The CMCC is under the command of Admiral Brad Cooper, Commander of the United States Central Command and under him Lieutenant General Patrick Frank and a British deputy commander with the rank of two stars. American diplomat Steven Fagin was named civilian lead of the CMCC on 24 October 2025.

Approximately 200 US troops specializing in logistics, engineering, security, travel are to help facilitate "the flow of humanitarian, logistical, and security assistance from international counterparts into Gaza." US forces are not intended to be deployed within the Gaza Strip itself.
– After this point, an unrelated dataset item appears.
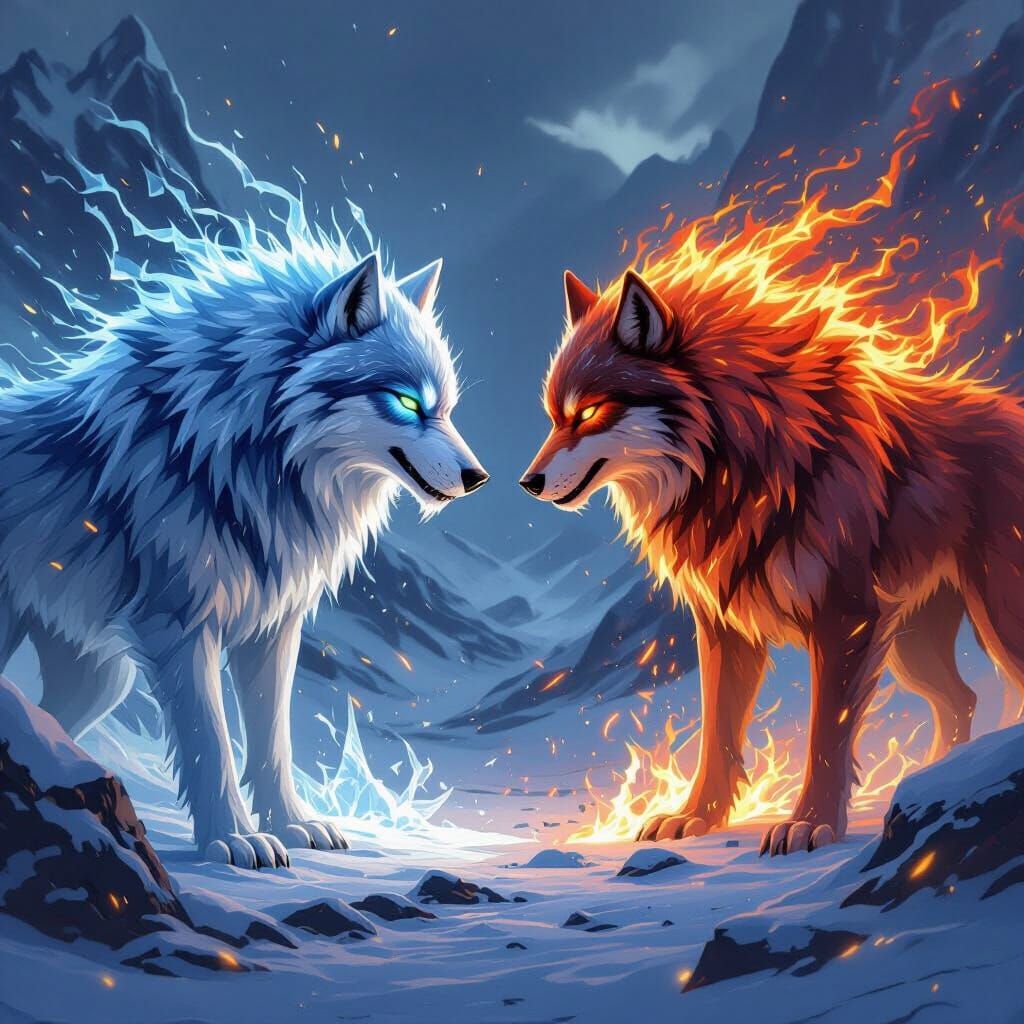 This image depicts a dramatic digital painting of an ice wolf and a fire wolf confronting each other, with contrasting elemental energies creating a dynamic visual spectacle. The art style features sharp details and dramatic lighting.

At the request of the US, the United Kingdom deployed a small team of military planning officers to the CMCC, including a two-star deputy commander.

Israeli prime minister Benjamin Netanyahu appointed Michael Eisenberg and brigadier general Yaki Dolf to serve as Israel's representatives at the CMCC.

The center is expected to also include personnel from Egypt, Qatar, Turkey and the United Arab Emirates. Germany plans to deploy three military personnel to the CMCC including a brigadier general.
Additional countries have announced plans to post liaison officers at the CMCC including Jordan and Australia.

Humanitarian organizations operating at the center include United Nations agencies and the International Red Cross and Red Crescent Movement.

By 21 November, 2025 the number of personnel based at the centre had grown to around 600.

The European Union has been pushing for more inclusion of Palestinian representatives, including those from the Gaza Strip, at the CMCC. Current discussions about the future of Gaza are being made without Palestinian input as "US and Middle Eastern mediating countries 'are still putting together candidates' for the committee of Palestinian technocrats to be responsible for the postwar management of Gaza under the peace plan."

According to The Guardian, Israel is said to have been monitoring American and allied personnel at CMCC, leading US commander of the base to ask its Israeli counterpart to cease the recordings, a claim the Israeli military has dismissed as "absurd". The concerns have been voiced also by staff members and guests from other nations, who have been advised to refrain from sharing information that could be misused.

On August 25 2025, Israel announced the expulsion of Dutch representatives from the centre because of the Netherlands’ move to boycott Israeli products from settlements.

On the 20 January 2026, Reuters reported that some European nations were considering no longer sending personnel to the CMCC, while not formally leaving the facility so they can increase their presence later. Diplomats that spoke with Reuters off the record were unsatisfied with progress made by the CMCC in increasing aid to Gaza.

On April 10 2026, Israel notified Spain that its military contingent will no longer take part in the international Civil Military Coordination Center in Kiryat Gat.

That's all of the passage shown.